III. TRUST IN GOD LEADS TO SUCCESS IN LIFE. "And the Lord was with him; and he prospered whithersoever he went forth" (ver. 7). He was victorious over his enemies. He threw off the yoke of the King of Assyria, and drove back the Philistines, who had made great inroads during the previous reign. When the people honored God, their God honored them and gave them victories over their enemies. As a reward of Hezekiah's faith and faithfulness, God gave him much riches and honor. Hezekiah had trusted God at the beginning of his reign. He had done God's will, though he did not know what it might cost him, and before he was established on the throne. And God did not disappoint his trust, but made him greater and more honored than all the kings of Judah before or after his time. Even in a temporal point of view, no one ever loses by trusting God and doing what is right. Christ promises that every one who is willing to give up every earthly possession for his sake will receive an hundredfold more in this life, and in the world to come life everlasting. We saw, above, the dangers of prosperity. Hezekiah's career shows us what is the safeguard of prosperity. "The Lord was with him." Where that can be said, there is no danger in prosperity. In the godless man, prosperity is often a curse. It hardens his heart. He thinks that he is rich and increased in goods and has need of nothing. But the prosperity of the Christian may be a great blessing to himself and others. Take with you into your business, into your social relations, into every plan you make and every work you undertake, the presence of God, the fear of God, the commandments of God; and then there will be no fear of your success. Trust in the Lord. Put your eternal interests into the hands of Jesus. He is worthy of your trust. They that trust themselves to him shall never perish. Trust in the Lord, that it may lead you to personal religion, to practical effort, to success in life.

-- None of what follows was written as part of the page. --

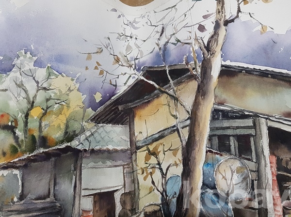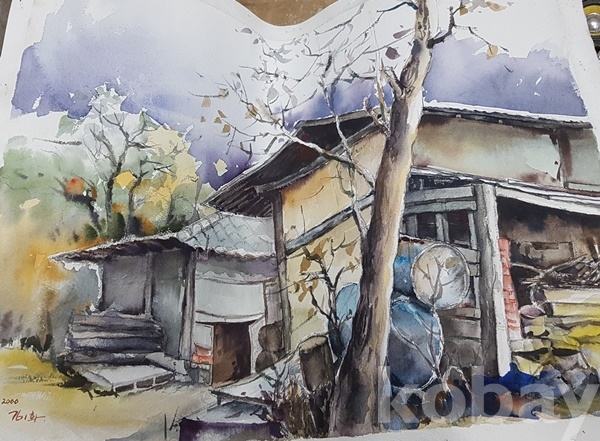 토담 잘그린 수체화 시골풍경그림 (작가사진참조)

"Set thou thy trust upon the Lord.
And be thou doing good,
And so thou in the land shalt dwell,
And verily have food." C.H.I.







He trusted in the Lord God of Israel.
This is the writer's summing up of the character of Hezekiah, before he enters on the details of his reign. It is a lofty and unconditioned eulogium, making no reference to faults. There are no shadows in the picture, and, of course, in so far it may be taken to be a too favourable likeness. But that is the way that God judges, about men, by the general, drift of their lives, and He does not grudge to praise them.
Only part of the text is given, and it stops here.